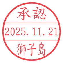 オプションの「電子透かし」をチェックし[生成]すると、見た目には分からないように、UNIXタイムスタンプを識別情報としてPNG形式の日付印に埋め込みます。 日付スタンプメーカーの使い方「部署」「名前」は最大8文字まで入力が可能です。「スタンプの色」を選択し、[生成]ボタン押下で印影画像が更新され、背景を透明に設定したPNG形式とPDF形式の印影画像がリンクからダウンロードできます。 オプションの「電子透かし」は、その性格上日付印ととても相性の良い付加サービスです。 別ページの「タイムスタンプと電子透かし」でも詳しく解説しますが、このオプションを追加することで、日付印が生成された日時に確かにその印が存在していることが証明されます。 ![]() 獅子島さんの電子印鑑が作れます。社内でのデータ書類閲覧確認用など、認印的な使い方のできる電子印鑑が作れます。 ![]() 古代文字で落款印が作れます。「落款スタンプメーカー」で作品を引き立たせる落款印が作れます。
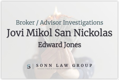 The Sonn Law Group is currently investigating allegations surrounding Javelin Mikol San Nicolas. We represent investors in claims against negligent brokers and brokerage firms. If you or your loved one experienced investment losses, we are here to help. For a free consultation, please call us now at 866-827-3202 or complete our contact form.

================

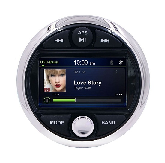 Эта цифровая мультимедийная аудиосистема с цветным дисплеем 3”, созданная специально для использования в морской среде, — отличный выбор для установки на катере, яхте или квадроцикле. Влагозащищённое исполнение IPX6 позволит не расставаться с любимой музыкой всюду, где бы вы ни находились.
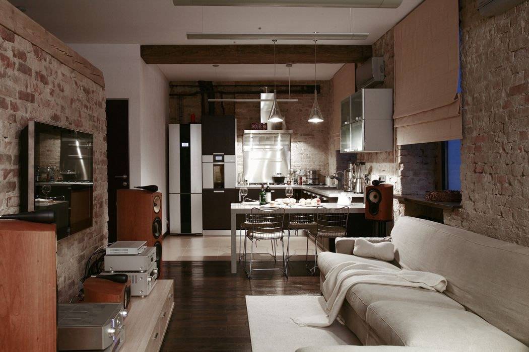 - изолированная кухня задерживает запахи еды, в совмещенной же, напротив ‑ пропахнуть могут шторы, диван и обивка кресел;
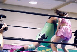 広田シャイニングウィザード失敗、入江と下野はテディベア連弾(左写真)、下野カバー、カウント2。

================

* _Required action_: With the pictures removed, print only the lines starting at the line that has "- изолированная кухня" and ending at the line that has "広田シャイニングウィザード失", both ends included, exactly as they stand above.

* _Expected output_:
 - изолированная кухня задерживает запахи еды, в совмещенной же, напротив ‑ пропахнуть могут шторы, диван и обивка кресел;
 広田シャイニングウィザード失敗、入江と下野はテディベア連弾(左写真)、下野カバー、カウント2。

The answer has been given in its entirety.